Some of the biometric information is already available to forces on the ground, who can use hand-held scanners, slightly larger than a big mobile phone, to take readings from suspects to see if they are already in the IS database.

But officials and observers in the United States, Europe and the Middle East acknowledge it is a massive undertaking, and that gaps remain.

“IDPs [internally displaced persons] who end up in camps on the Kurdish side and suspects held by Kurdish authorities are all getting put onto a biometric database,” according to Belkis Wille, a senior Human Rights Watch researcher who has spent time in the region.

“On the Iraqi side, I have not seen it happening to the broader population and have not heard about it with regard to ISIS suspect detainees yet, but have heard it talked about many times as in the plans,” she added, using an acronym for the terror group.

Iraqi officials told VOA in July that they were “working on the mechanism” for sharing biometric data with their coalition partners, admitting there was no timeline for when a solution might be found.

Overcoming obstacles

The coalition, too, admitted there were obstacles.

“We are working to enable them [Iraqi officials] to better manage biometric information, to re-establish some capability that was here before that no longer is,” Canadian Armed Forces Brigadier General D.J. Anderson, then director of the coalition’s partner force development liaison team, said at the time.

There are also concerns about ensuring that everyone who might need access to the biometric data can get it, with European officials especially keen on speeding up the process.

“In a world where we see more people traveling with false documents, counterfeit documents, we need to inject much more biometrics,” European Union Counterterrorism Coordinator Gilles de Kerchove said during a visit to the U.S. in June.

“I would like to see if fingerprints are collected in Mosul or in Raqqa that it be shared in real time with the border guard at the external border of the European Union,” he added.

Interpol, the international police organization with more than 190 member countries, has been trying to help.

Interpol officials say it has shared information on more than 18,000 foreign fighters through its I-24/7 global communications network, some of which includes biometric information.

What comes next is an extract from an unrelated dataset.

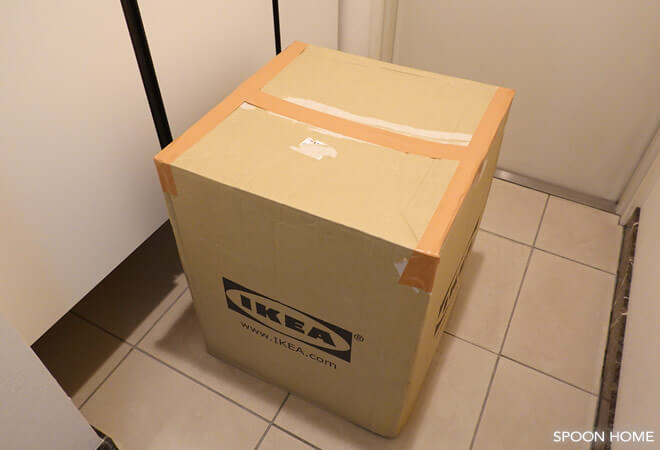 自宅にあったIKEAの小物配送用ダンボールがちょうど三辺計160cmで、こちらを利用することに。1回の買取で送れるダンボールは1箱です。

And it is working to increase the amount of biometric data currently available.

Watching for returning foreign fighters

That additional biometric information cannot come soon enough for some European officials, worried about the steady tide of refugees from Syria and Iraq, even though there are no indications that the long-feared wave of returning foreign fighters will ever materialize.

“We have, however, identified an increase in the number of wives and children who are willing to return,” said Friedrich Grommes, head of the international terrorism directorate at Germany’s Federal Intelligence Service (BND), during a recent visit to Washington.

“This upward trend will probably increase in the months to come,” he added.

German officials say they have already used whatever biometric information is available to confirm the identities of family members of foreign fighters who may be seeking entry into Germany.

There are also growing fears some foreign fighters, terrorist operatives and their family members may be getting some sophisticated help.

“We see a lot of relationships between organized crime and terrorism, not ideologically but from old friendships sometimes,” said Dutch National Counterterrorism Coordinator Dick Schoof. “Organized crime is a facilitator for weapons, for transport, for fraud documents, for identity theft.”

And while most of the more than 5,000 would-be jihadists who left Europe are not expected to attempt a return — a feat made more difficult with a tightening of the Turkish-Syrian border — counterterror officials believe there are plenty of reasons to remain concerned.

“Quantity may not be the story,” U.S. National Counterterrorism Director Nicholas Rasmussen said this past July at the Aspen Security Summit.

“If I’m sitting in western Europe in a security service or a law enforcement organization, I’m very, very concerned about even a small number of foreign fighters from my country who come back from the conflict zone with a whole new set of skills, a whole new set of contacts, perhaps even specialized skills that go into areas of mass destruction.”